Ecquire Privacy Policy: Section covering email addresses, billing information and contact information

Finally, Ecquire goes on to explain its Chrome extension and why Google provides such a broad warning. The team says that Chrome covers its bases because of the sheer number of extensions, but Ecquire isn't interested in data beyond the data users ask it to collect:

Ecquire Privacy Policy: Section covering Google Chrome extension's request to access data

The whole thing clocks in at just under 400 words.

Why can Ecquire get away with a short Privacy Policy?

There are two reasons.

First, because of its commitment to privacy and limited data use practices, a short Privacy Policy remains functional and useful for both the company and users.

Second, the author wrote the policy in such a way that the most important legal issues are framed as being a high priority, and all the essential questions are answered. Plus, they did so without relying on legal jargon to do so.

So, if you don't collect much data or share it with other parties, then your Privacy Policy can be shorter by nature.

Cirencester Friendly

Cirencester Friendly is a UK-based finance firm with an incredibly short Privacy Policy. The firm has used a traditional Privacy Policy format to create both a short form policy and a long-form version.

The short form policy is only two pages long, and it includes the basics:

Cirencester Friendly Short Form Privacy Notice: The information we collect clause

You can see that this clause doesn't describe exactly what data is collected. Rather, Cirencester Friendly keeps it general here and then goes into greater depth and detail in the long form policy.

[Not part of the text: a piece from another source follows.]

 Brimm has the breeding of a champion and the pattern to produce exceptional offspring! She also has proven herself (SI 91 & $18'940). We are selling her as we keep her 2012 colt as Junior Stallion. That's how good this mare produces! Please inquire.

Here's the relevant section from the long form version:

Cirencester Friendly Privacy Notice: Collecting personal data clause

The long form policy describes the specific type of data collected by the group rather than who provides the data.

Here's another example. The short Privacy Policy includes a quick notice about how information may be shared:

Cirencester Friendly Short Form Privacy Notice: Who we can share your information with clause

This puts the reader on notice that if they're concerned about having their information shared, they should check out the full version policy to find out more, which they will in this clause:

Cirencester Friendly Privacy Notice: Disclosing personal data clause

The short policy works well because it provides information in a way that is informative without being wordy or jargon-heavy, but lets readers know just enough important information that they need to know.

VeryNiceHomes

VeryNiceHomes is a Colorado realtor and mortgage broker firm with both a short and long version of its Privacy Policy.

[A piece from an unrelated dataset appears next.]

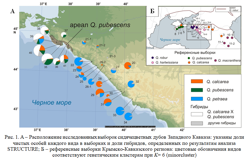 До настоящего времени систематика дубов Quercus на Западном Кавказе остается запутанной, что затрудняет инвентаризацию и пагубно отражается на лесохозяйственной деятельности. Впервые с помощью генетических маркеров исследованы особенности распространения и характер гибридизации произрастающих в регионе видов дубов (Рис. 1). Подтверждено произрастание и уточнены ареалы на западе Кавказа пяти видов. Показано наличие генетического потока между ними, установлена степень гибридизации и интрогрессии. Впервые описана гибридная зона в районе обитания дуба пушистого Q. pubescens, где преобладают его гибриды с дубом известняковым Q. calcarea. Вне ареала Q. pubescens количество гибридов резко снижалось. Между дубом известняковым и дубом скальным, несмотря на частое совместное произрастание, процент гибридов был небольшим. Показана зависимость состава видов и гибридов в популяциях от условий местообитания. Результаты исследования указывают на необходимость корректировки современных флор и определителей. Для лесной селекции перспективно использование генетических ресурсов всех описанных видов и их гибридов.

Interestingly enough, both versions are very, very short. Here they are in full, displayed next to one another:

VeryNiceHomes Privacy Policies: Short and Long versions

Both versions carefully explain:

  • What data is collected
  • How the data is used
  • Whether and how the data is shared

The short one is is written in slightly simpler language and doesn't tell as many specific details. However, due to the placement here, a reader can easily jump over to the long version if something in the short version makes him want to learn more about a point.

Should you Have a Short Privacy Policy?

Should you Have a Short Privacy Policy?

A short a Privacy Policy helps your users get straight to the point when it comes to your privacy practices. However, you should never skip sections of the policy for the sake of a word count. It's more important for your policy to be functional and representative of your data practices than for it to be short.

Brevity is an important quality, but so is framing and language.

As a result, you need to ensure that you include sensitive and important information in any policy and disclose it in language the reader can understand.

Depending on how data-driven your business is, your best bet may be to have a full-length Privacy Policy and also provide a short summary policy. Conversely, if your business is more simple and you don't deal with data extensively, your Privacy Policy will end up being shorter by nature and that's ok.